EDIT (OP clarified question): To find common elements in the 3 arrays, you can simply do:

>> [intersect(a,[b,c]), intersect(b,c)]
ans =
     8     3     5
Leo Alekseyev
arrays are of the same lenght,and foo==bar doesnt do what i want,it compares only elements wih same index,what i need is to compare each element from one array with each element in another two
sasha
In that case, to compare e.g. arrays foo and bar you do bsxfun(@eq,foo',bar) (or bsxfun(@(x,y)sign(x-y),foo',bar) -- this gives you a matrix where for row i, it compares ith element of foo to all elements of bar.
Leo Alekseyev
A: 

I do the example for two arrays. For three, you just do all the pairwise comparisons or you catenate.

%# make three arrays (they do not need to be equal length)
A = randi(25,10,1);
B = randi(30,10,1); 
%# if you have a third array C of, say, length 20, you can catenate with B
%# to create an array of total length 50 and do all the comparisons in one go.


%# to know which element of A is equal to which element in B, you do
equalityMatrix = bsxfun(@eq,A,B'); %'# replace @eq with @gt or @lt if you wonder about 
%# greater or smaller
%# the result is a 25-by-30 array, where equalityMatrix(i,j) is 1 if A(i) is equal to B(j)

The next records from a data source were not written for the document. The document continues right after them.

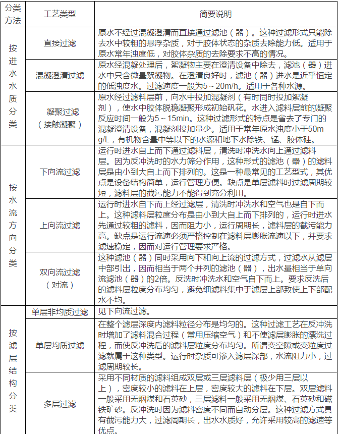 當(dāng)原水濁度低于150mg/L時,也可以采用原水直接過濾或接觸混凝過濾。有的地下水,雖然濁度較低(一般在5mg/L以下),但為了除去鐵和錳等金屬化合物,常用接觸混凝或者錳砂過濾。(常見的過濾工藝的分類見下表1-2)。
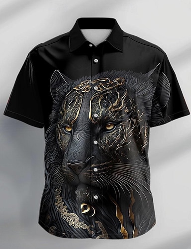 Herren Tiermotiv Tiger Hemd Knopfhemd Langarm Mode Streetwear Designer Outdoor Lässig Täglich Sommer Frühling Herbst Stehkragen Druck Blau-Grün Rote Blau Orange Grün
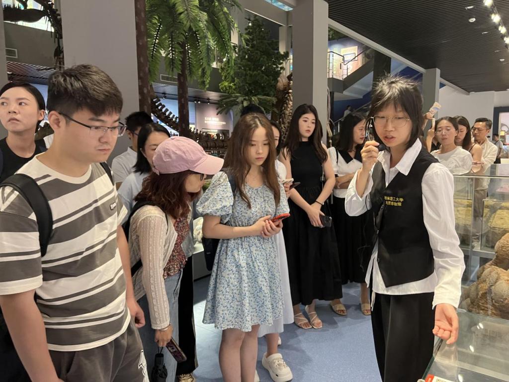 同学们先来到华南地区功能最完善的地质博物馆—beats365亚洲版地质博物馆参观学习beats365亚洲版地质博物馆以收藏地质标本、传播地球科学知识和弘扬科学家精神为建馆初衷,室内展陈面积约4000平方米,围绕生命起源与演化、行星地球、陨石与深空探测、地质作用、矿物岩石、矿产资源、地质环境、珠宝玉石、校友情怀和地质学家精神传承等主题设有10个展厅。馆藏实物标本5万余件,系统展出了古生物化石、陨石、矿物、岩石、矿石和宝玉石等珍贵标本6000余件,其中包括13米长的鱼龙化石,重约3.5吨的南丹铁陨石,珍贵的月球、火星陨石和来自小行星的陨石,种类齐全的矿物晶体,精美的珠宝玉石和来自南极大陆的系列岩石标本等。

EDIT: Leo Alekseyev has the correct answer to the clarified question: Use intersect twice.

Jonas
+3  A: 

Leo is almost right, should be

unique([intersect(a,[b,c]), intersect(b,c)])
AVB
+4  A: 

The answer given by AB is correct, but it is specific for the case when you have 3 arrays that you are comparing. There is another alternative that will easily scale to any number of arrays of arbitrary size. The only assumption is that each individual array contains unique (i.e. non-repeated) values:

>> allValues = sort([a(:); b(:); c(:)]);  %# Collect all of the arrays
>> repeatedValues = allValues(diff(allValues) == 0)  %# Find repeated values

repeatedValues =

     3
     5
     8

If the arrays contains repeated values, you will need to call UNIQUE on each of them before using the above solution.